* [Exercise brief]:
Please print nothing but the lines from the one with "Na moda e Convite" to the last line of the records below, and omit pictures.

* [Supplied entries]:

%%

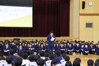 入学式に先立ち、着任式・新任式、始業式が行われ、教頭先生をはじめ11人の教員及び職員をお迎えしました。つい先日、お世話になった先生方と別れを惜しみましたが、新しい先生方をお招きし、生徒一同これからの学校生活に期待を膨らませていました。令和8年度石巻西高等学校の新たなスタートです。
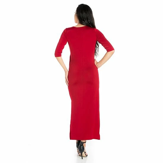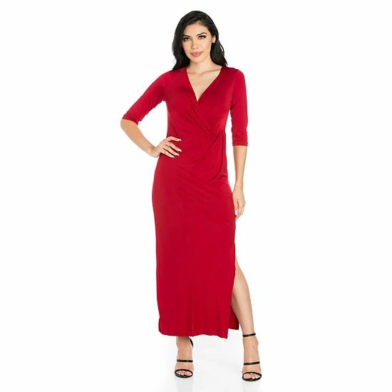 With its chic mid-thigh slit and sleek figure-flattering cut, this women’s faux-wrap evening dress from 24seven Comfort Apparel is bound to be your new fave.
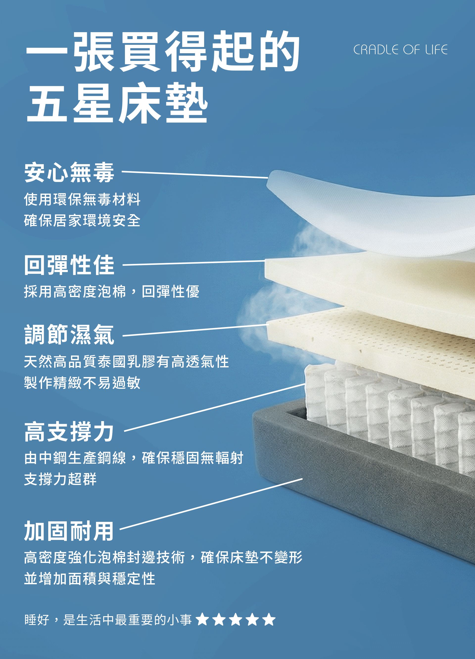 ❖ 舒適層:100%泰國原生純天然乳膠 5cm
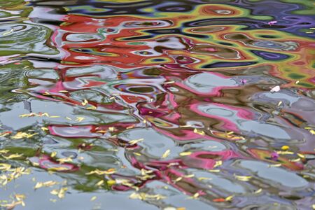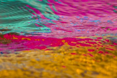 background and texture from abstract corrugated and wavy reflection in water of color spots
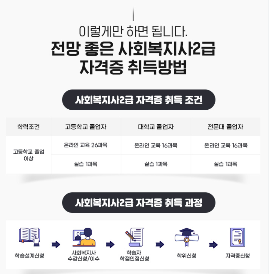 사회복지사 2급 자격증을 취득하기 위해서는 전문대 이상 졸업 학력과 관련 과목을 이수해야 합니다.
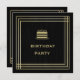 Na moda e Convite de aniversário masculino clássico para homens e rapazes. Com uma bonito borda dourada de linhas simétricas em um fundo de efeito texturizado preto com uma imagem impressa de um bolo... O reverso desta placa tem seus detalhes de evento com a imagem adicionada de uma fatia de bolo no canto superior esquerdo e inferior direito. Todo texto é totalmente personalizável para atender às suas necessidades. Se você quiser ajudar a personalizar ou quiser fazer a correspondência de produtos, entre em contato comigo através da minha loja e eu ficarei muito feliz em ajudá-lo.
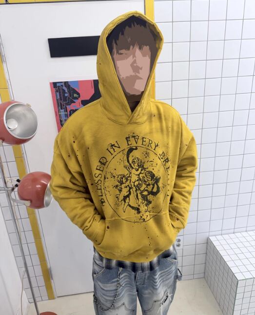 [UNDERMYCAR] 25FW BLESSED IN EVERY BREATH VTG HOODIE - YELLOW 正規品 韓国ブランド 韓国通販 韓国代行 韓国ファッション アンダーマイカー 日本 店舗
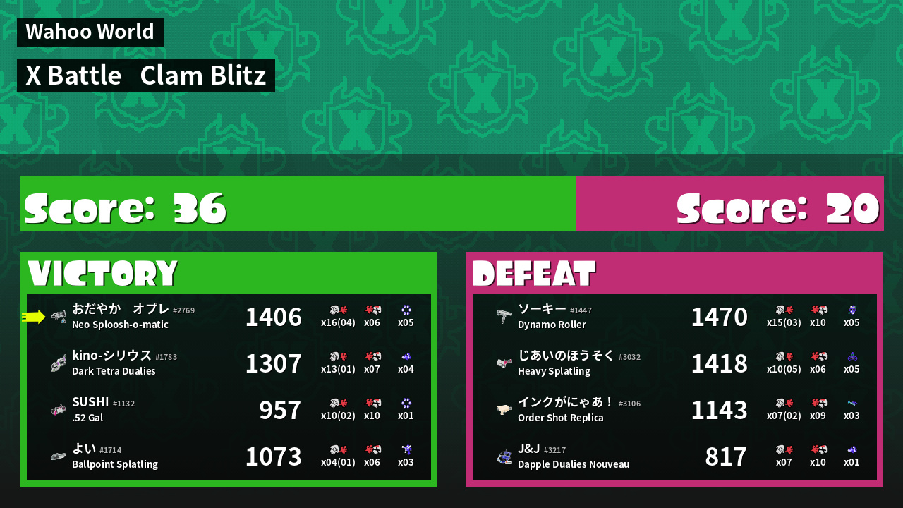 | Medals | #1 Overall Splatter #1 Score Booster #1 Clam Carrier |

%%

* [Task answer]:
 Na moda e Convite de aniversário masculino clássico para homens e rapazes. Com uma bonito borda dourada de linhas simétricas em um fundo de efeito texturizado preto com uma imagem impressa de um bolo... O reverso desta placa tem seus detalhes de evento com a imagem adicionada de uma fatia de bolo no canto superior esquerdo e inferior direito. Todo texto é totalmente personalizável para atender às suas necessidades. Se você quiser ajudar a personalizar ou quiser fazer a correspondência de produtos, entre em contato comigo através da minha loja e eu ficarei muito feliz em ajudá-lo.
 [UNDERMYCAR] 25FW BLESSED IN EVERY BREATH VTG HOODIE - YELLOW 正規品 韓国ブランド 韓国通販 韓国代行 韓国ファッション アンダーマイカー 日本 店舗
 | Medals | #1 Overall Splatter #1 Score Booster #1 Clam Carrier |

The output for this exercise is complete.